Les vidéos du danseur et chanteur Dydy Yeman, l’une des figures de proue de ce mouvement, ont totalisé des dizaines de millions de vues sur YouTube. L’artiste s’est déjà produit hors de Côte d’Ivoire, tant ailleurs en Afrique qu’en Europe. Mais ses débuts ont été modestes et il a exprimé sa « fierté » d’être originaire de Yopougon, berceau du biama

« Personnellement, je pense que, comme on est de là-bas – on est du quartier –, on a naturellement envie de développer le biama aussi, pour pouvoir l’exporter vers d’autres pays et d’autres continents. », a indiqué Dydy Yeman, danseur et chanteur de biama.

La musique est souvent un mélange de styles créé par des arrangeurs, qui s’inspirent des pas de danse.

« Depuis 2022, ici, on a commencé à travailler dans ce studio, c'est à partir de là qu'on a commencé à enregistrer les artistes, on peut dire de tous genres, principalement les artistes du biama. Bon au niveau du biama, les artites qu'on a enregistrés, je pense qu'ils peuvent avoisiner les 50.», Elie-Michel Assie Diou, arrangeur musical.

Cette mode a conquis la jeunesse de Côte d’Ivoire — où près des deux tiers de la population ont moins de 25 ans — depuis qu’elle a émergé, il y a quelques années, de la musique de danse populaire « coupé-décalé ».

« Le biama, c’est la joie de vivre ; c’est le rire. N’est-ce pas ? Ce sont aussi les expressions faciales. Ainsi, quand on observe les expressions faciales des femmes d’âge mûr – prenons, par exemple, leur joie de vivre –, ce sont des phénomènes sociaux, des aspects de la société qui peuvent perdurer dans le temps. Alors, avouons-le, le biama a bel et bien le potentiel de perdurer, car nous aurons toujours besoin de rire et de nous taquiner les uns les autres, tout simplement. », a indiqué Stéphane Babo, sociologue.

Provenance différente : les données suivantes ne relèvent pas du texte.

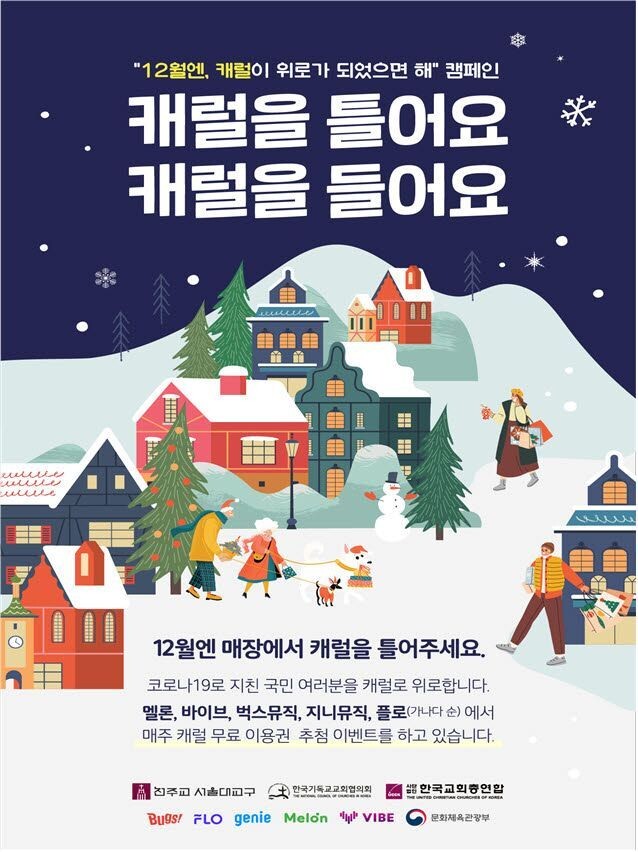 앞서 문체부와 천주교 서울대교구·한국기독교교회협의회, 지상파 라디오, 음악서비스 사업자는 12월1~25일 캐럴 활성화 캠페인을 함께 추진할 예정이었다. ‘코로나19로 지친 국민을 위로하고 밝은 사회 분위기를 조성한다’는 취지로, 음원사이트 멜론 등 음악서비스 이용자 3만명에게 캐럴을 들을 수 있는 이용권을 지급하는 행사였다. 여기에는 정부 예산 10억원이 지원되는 것으로 전해졌다. 그러나 캠페인에 대한 종단협의 반발이 거세지자 문체부는 지난 2일 ‘캠페인에 참여하지 않겠다’면서도 “종교계가 시행주체로 진행하고 있는 프로그램은 취소하기 어렵다”는 뜻을 밝혔다. 신민정 기자

Le biama est né par hasard en 2021 dans une salle de jeux vidéo, lorsqu’un jeune homme exubérant s’est levé d’un bond et s’est mis à improviser des pas de danse pour fêter un gain d’argent, filmé par son ami.

Aujourd’hui, Karl Guei, surnommé « Kalomaman », compte deux millions d’abonnés sur TikTok, selon le journaliste culturel Toussaint Konan.